INPUT DATA:

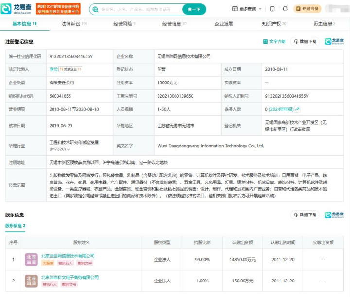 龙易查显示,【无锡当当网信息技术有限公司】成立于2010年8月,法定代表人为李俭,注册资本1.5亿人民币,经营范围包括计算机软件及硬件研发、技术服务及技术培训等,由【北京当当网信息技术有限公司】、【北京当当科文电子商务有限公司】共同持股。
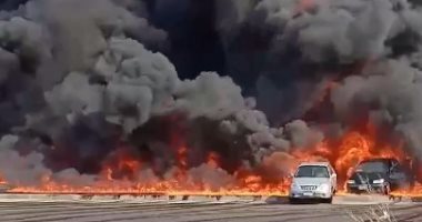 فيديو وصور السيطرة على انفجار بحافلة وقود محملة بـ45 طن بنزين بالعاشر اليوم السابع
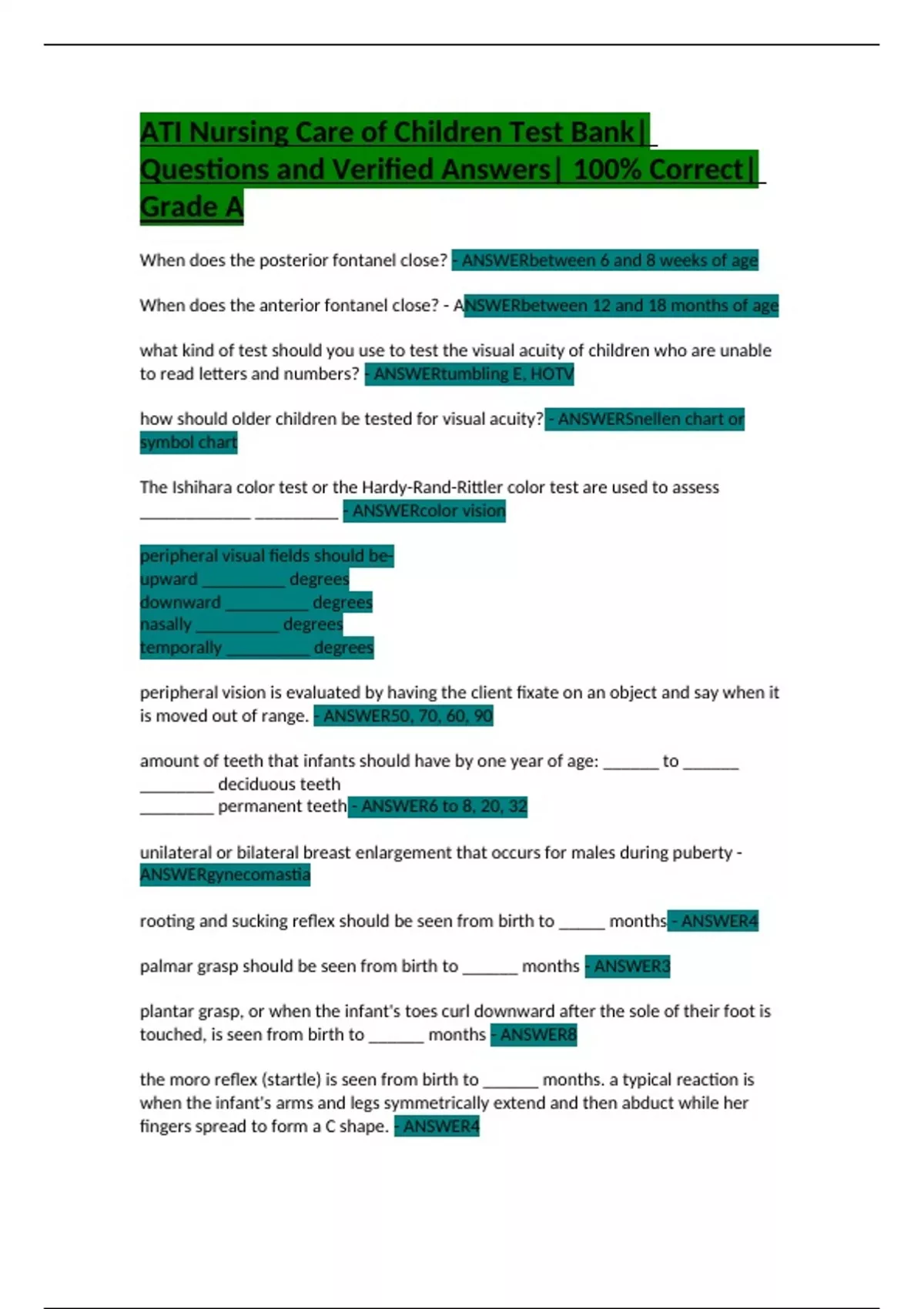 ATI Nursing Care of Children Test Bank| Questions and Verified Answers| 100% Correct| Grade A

TASK BRIEF:
Repeat the listing above exactly, omitting the pictures it contains.

FINAL ANSWER:
 龙易查显示,【无锡当当网信息技术有限公司】成立于2010年8月,法定代表人为李俭,注册资本1.5亿人民币,经营范围包括计算机软件及硬件研发、技术服务及技术培训等,由【北京当当网信息技术有限公司】、【北京当当科文电子商务有限公司】共同持股。
 فيديو وصور السيطرة على انفجار بحافلة وقود محملة بـ45 طن بنزين بالعاشر اليوم السابع
 ATI Nursing Care of Children Test Bank| Questions and Verified Answers| 100% Correct| Grade A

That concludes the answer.